O Peacemaker

If we see someone in pain or a child in danger, it is a human impulse to help in some way. The urge seems to jump from eye to body without even passing through the mind. But if we are unable to act, we feel distress and frustration and often guilt, even though the means to ease the situation may not be within our reach.

At the moment there are terrible conflicts in a number of parts of the world, and we can follow in vivid detail the explosions, the shattered lives, and the sorrow and grief of the families, told in many versions, some more complete and factual and others more partial and partisan. Watching from a distance, with no obvious means to extinguish the fire, it is normal to ask: what can we do? And if we are attempting to follow a spiritual path, we may question what guidance that path offers to us. How should a spiritual person respond?
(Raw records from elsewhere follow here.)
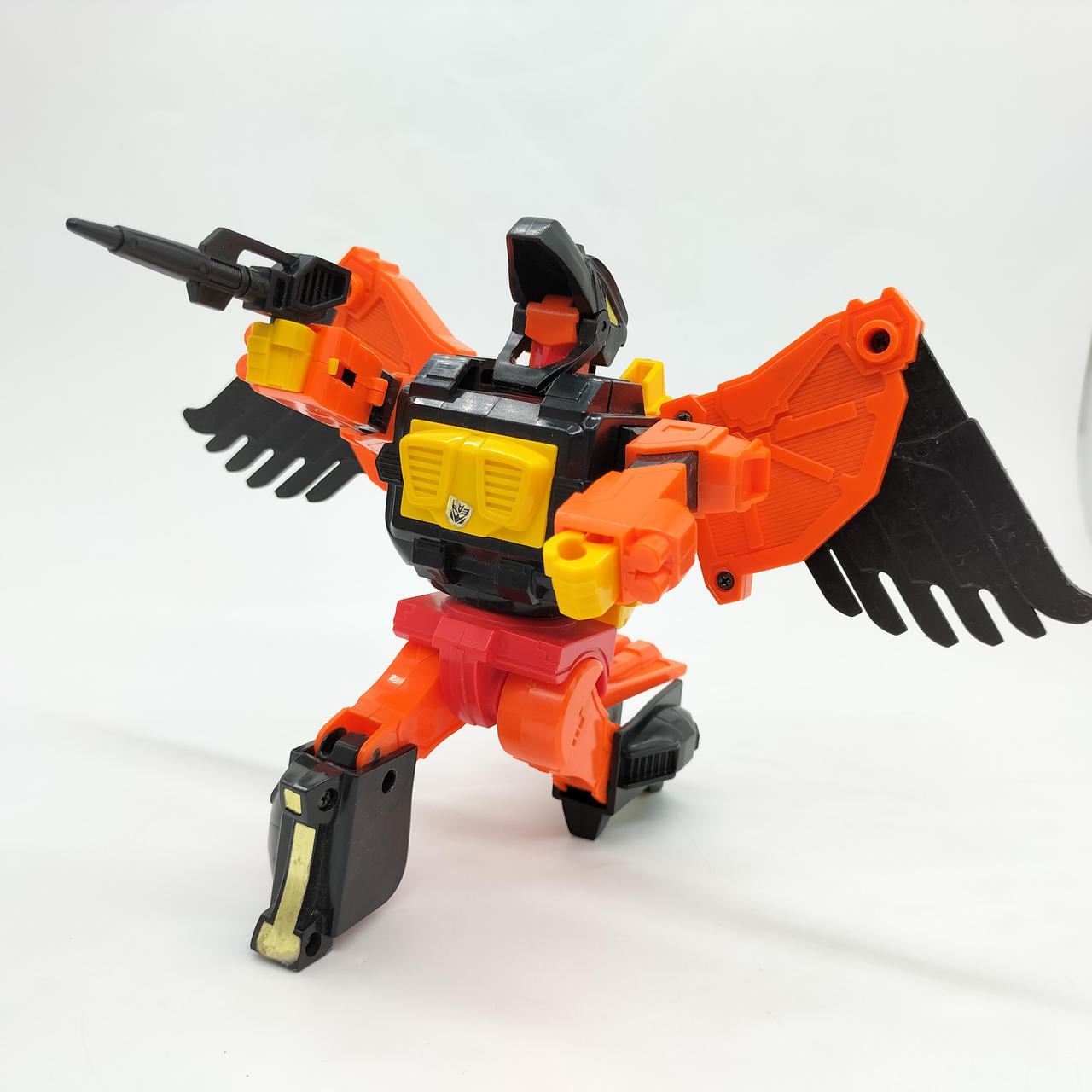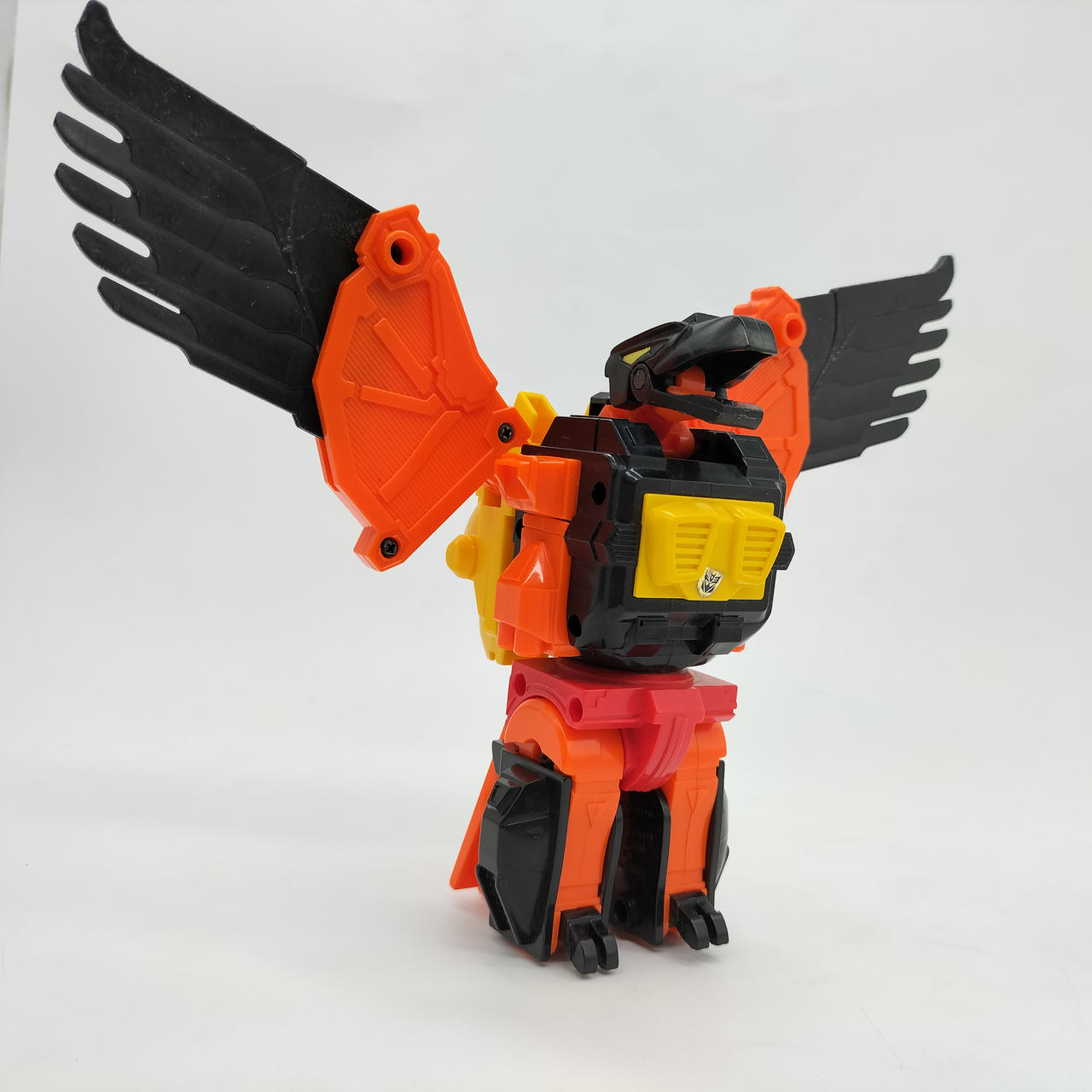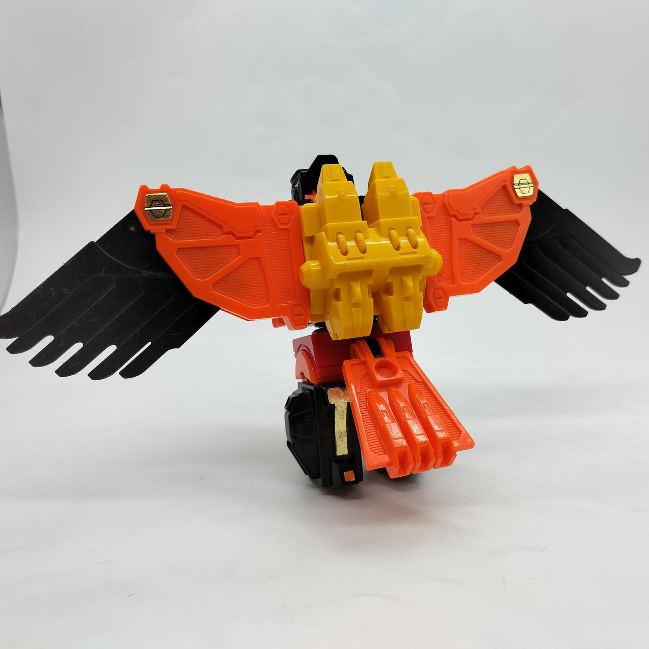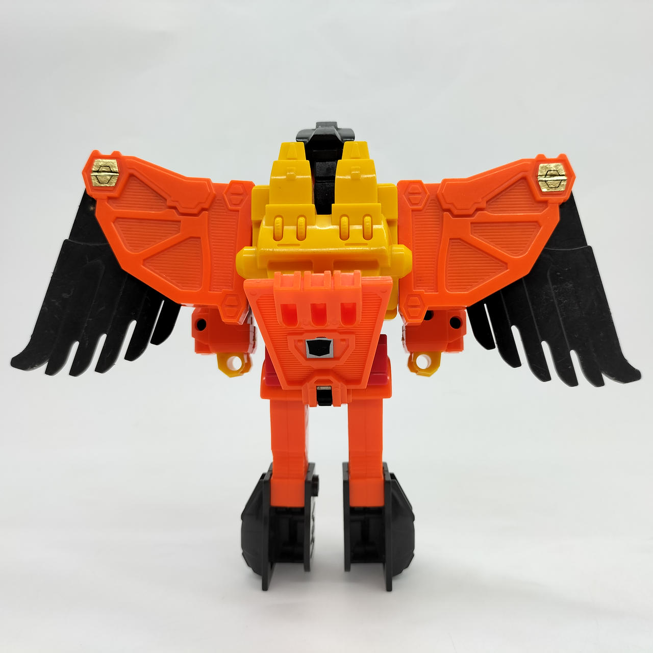 翼の重さのためかロボットモード時の自立に難があり、後ろに倒れやすいです。少し前傾にしてバランスを取ればなんとか立たせられます。 |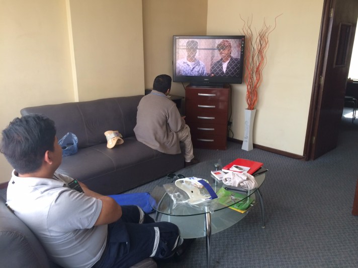 Ici, pas d’aide au portage offerte par les pompiers ou la police, mais c’est les familles qui prêtent mains fortes. Après l’effort, nous nous retrouvons souvent au chevet du lit du patient avec un verre de Coca à la main en guise de remerciement. Un bel exemple de l’hospitalité bolivienne.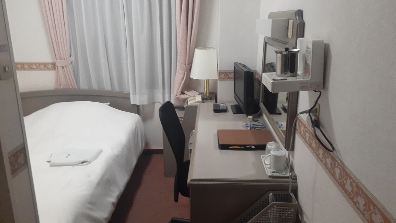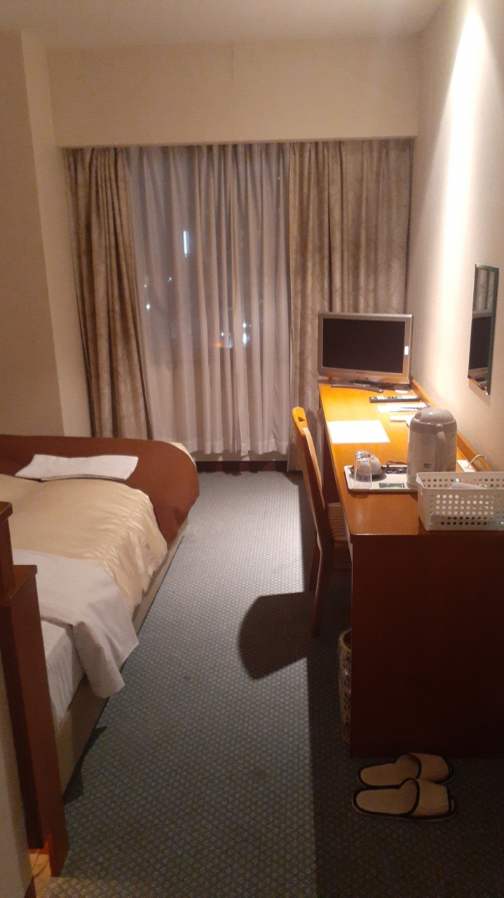 部屋ですが、白を基調とした内装で、広さは普通でした。ベッドはさすがにシングルサイズでした。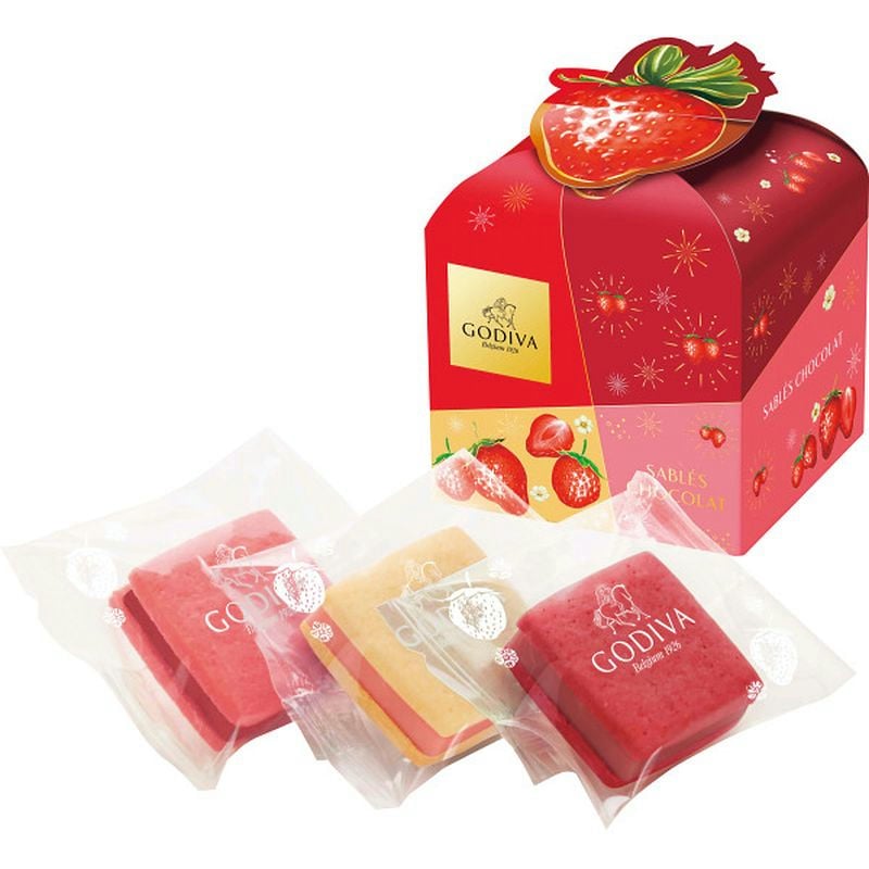 サクッと焼き上げたサブレでなめらかなチョコレートガナッシュをサンドしました。バレンタイン限定の「ストロベリー」フレーバー3種を苺のイラストが可愛らしいボックスに詰め合わせました。

As Sufism is not a religion, it does not attempt to give a set of morals to the world; religions have already given that advice, although it is seldom heeded by the religious adherents. Sufism only offers counsel to the individual, for each must choose their own path through life. Hazrat Inayat Khan said: If a Sufi has to say anything to a follower, it is this – Do not act against you ideal, for it will never be satisfactory to you; you will not be pleased with yourself, and this inharmony in your inner and your external self will prevent peace, which is your life’s craving, without which life becomes unhappy. 

The keystone that holds up the arch of this teaching is the ideal – if we act in accordance with our ideal, Pir-o-Murshid tells us, we may know happiness and peace, but if we go against our ideal, that will not be possible. It sounds simple and obvious, but in reality many do not have a clearly formed ideal, or their ideal is not sufficiently evolved to guide them well. For example, Hazrat Inayat Khan often emphasised the importance of the God ideal, but no doubt both sides of the conflict between Isreal and Palestine would say they are absolutely obedient to their God ideal. That does not mean that the ideal of God is a pointless fiction – not at all. It only means that the ideal of the perfection of love, harmony and beauty, of the One Being in whom we are all members of a single family, has not yet been made a living reality.

In our outer life, each person will have their own personal capacity to help, and our ideal will direct us to act – but only if we also do our inner work, to make the ideal a bright living star of guidance. The outer work must be built upon the inner work, or it will bring no satisfactory result. That is why the Gayan Alapas advise us : O peace-maker, before trying to make peace throughout the world, first make peace within thyself!